I have a tank that I set up recently with ADA aquasoil, and was wondering if using a drop checker is the only sure way to figure out my CO2 concentration.
I've read that because aquasoil buffers the water, the KH/ph tables are no use.


----------



## eklikewhoa (Jul 24, 2006)

Yes, using the drop checker with a known Kh water is the only way to accurately measure co2 content.


----------



## Avalon (Mar 7, 2005)

Or, you could use the plants/algae as an indicator. Typically, every tank has tiny bits of BBA. Keeping enough CO2 will keep it that way. As pH shifts up given a steady input of CO2, these tiny bits of BBA will turn into tiny tufts, and grow from there. It's pretty easy to use CO2 when first using AS, as the KH will drop to 0 in all but the hardest waters, and getting enough CO2 into the tank is rather easy. However, for reasons I'm unsure of, when AS stops buffering the water (about 3 months or so after initial use), your KH will rise. Mine seems to rise to 5-6 dKH (from 0) if I don't change any water. I use 100% RO water (7.0 pH and 0 dKH), and have nothing that will buffer my water, but the KH will rise slightly.
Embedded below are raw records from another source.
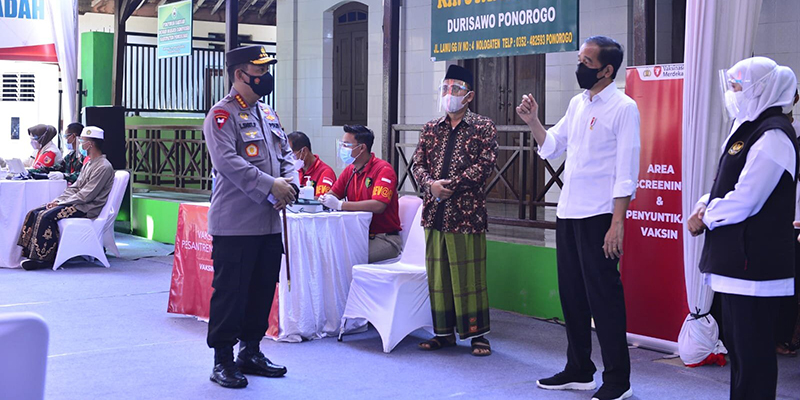 Demikian antara lain disampaikan Kapolri Jenderal Listyo Sigit Prabowo saat mendampingi Presiden Joko Widodo meninjau Vaksinasi Merdeka bersama rumah ibadah dan pondok pesantren (ponpes) secara serentak di seluruh Indonesia di Pondok Pesantren K.H. Syamsudin, Ponorogo, Jawa Timur, Selasa (7/9).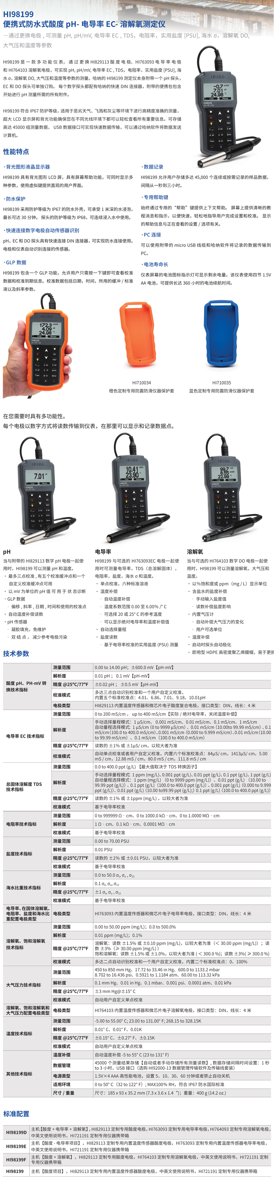 產品名稱:哈納 HI98199 多參數水質測定儀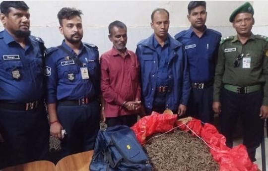 নাটোর রেলস্টেশনে দায়িত্বরত সান্তাহার জিআরপি পুলিশের এ এস আই সিরাজুল ইসলাম বলেন,গোপন সংবাদের ভিত্তিতে বুধবার বিকেলে লালমনিরহাট থেকে ঢাকাগামী আন্তঃনগর লালমনি এক্সপ্রেস থেকে রেলষ্টেশনে নামা এক যাত্রীকে থামতে বললে সে পালানোর চেষ্টা করেন। এক পর্যায়ে ধাওয়া করে মাদক পাচারকারী আসলাম শেখকে গ্রেপ্তার করা হয়।পরে তাঁর হাতে থাকা একটি ট্রাভেল ব্যাগ তল্লাশি করলে ৮ কেজি ভারতীয় গাঁজা পাওয়া যায়।আটক আসলাম আলীর বিরুদ্ধে মাদক আইনে মামলা দিয়ে নাটোর সদর থানায় সোপর্দ করা হয়েছে ।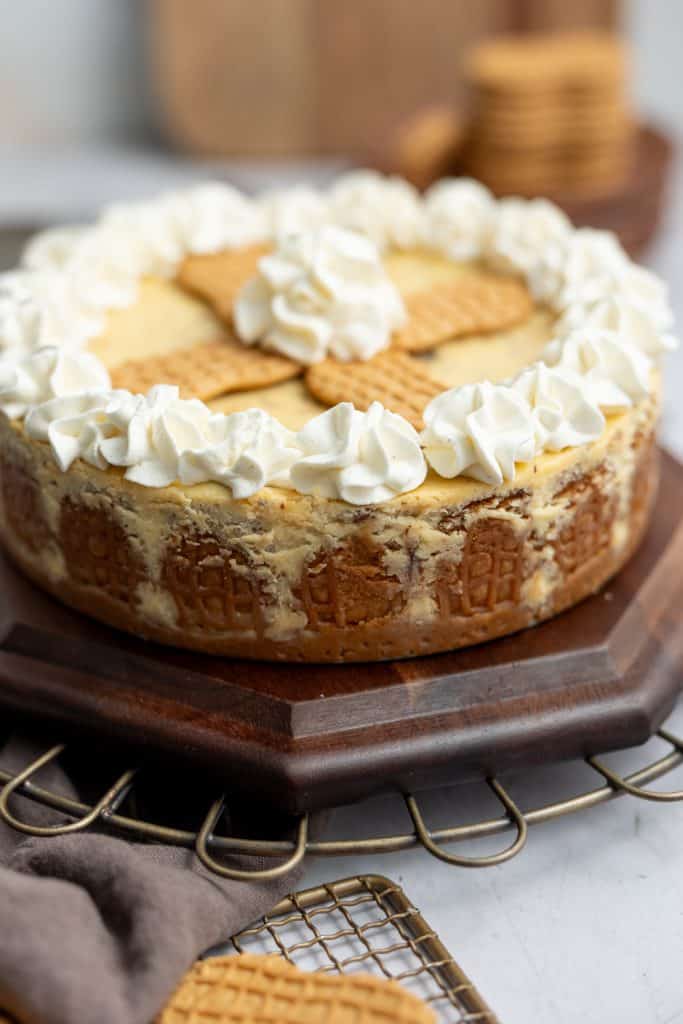 I like baking my cheesecakes in an 8 inch pan so they are a little bit thicker. A lot of springform pans are 9 inch though. I usually use a Fat Daddio’s removeable bottom pan.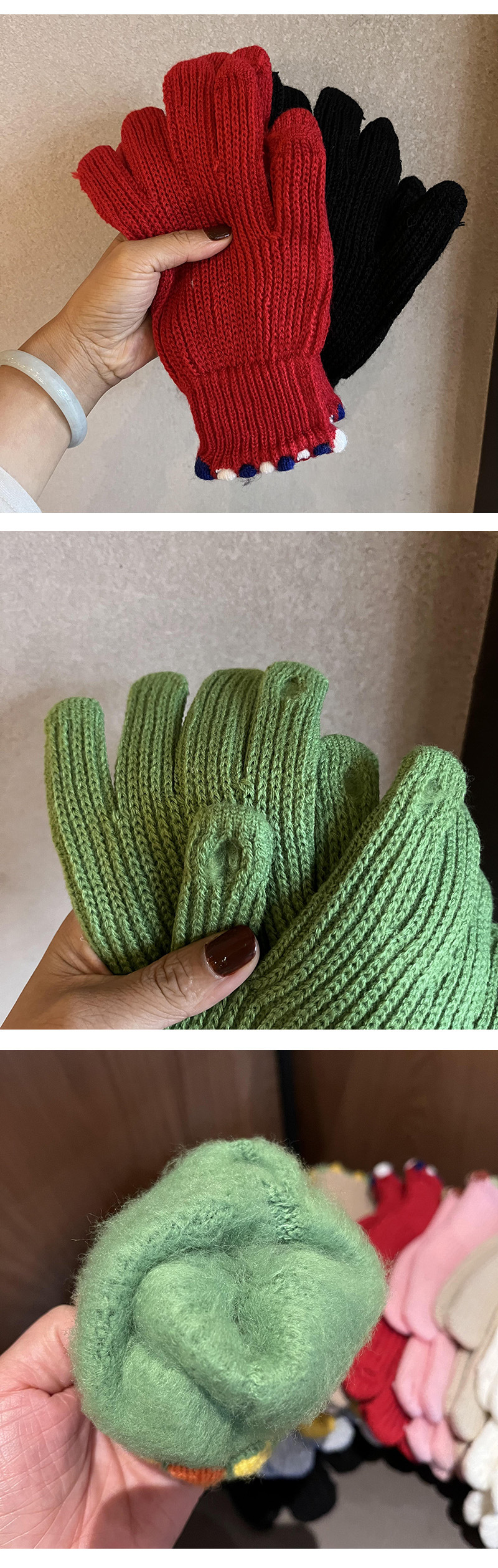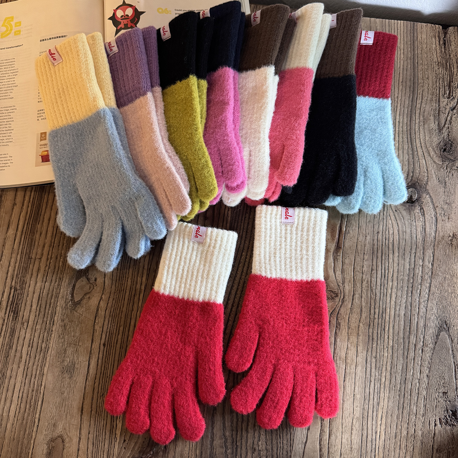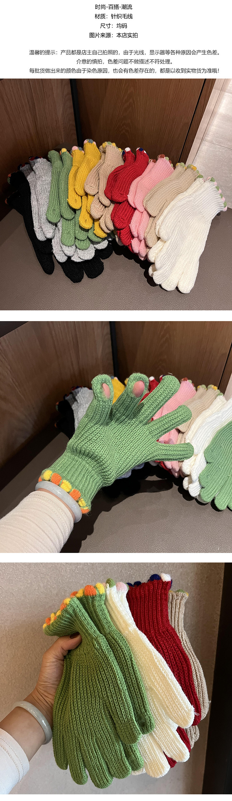 韓国系insキャンディー色秋冬純色ウサギ毛手袋保温防寒ニット毛糸百合学生カップル女性

To put it another way, there is a correlation between pH and KH, and the higher the KH, the more CO2 it takes to achieve a certain pH--one that's plant friendly/algae unfriendly. The "chart" is a poor method of determining CO2 levels. While I'm unfamiliar with using drop checkers, I have found over the years that plants/algae never lie. So, using the subtle powers of observation coupled with the ability to make small changes based on those observations, I think you'll find the success you're looking for!


----------



## treepimp (Apr 13, 2006)

Thanks for the help. Got a drop checker on the way. It's my first experience with aquasoil. My first tank I used the ph/kh chart on with much sucess. Never had any problems plants always pearled great and little to no algae. With my new tank though, I have to keep the ph around 6.2 to get any pearling. My kh at the moment is 4.5 which according to the ph/kh chart my co2 would be enough to kill anything. My fish and shrimp seem happy (no gasping for air) and my plants are pearling. I was just a little worried about the amount of co2 actually in the tank.


----------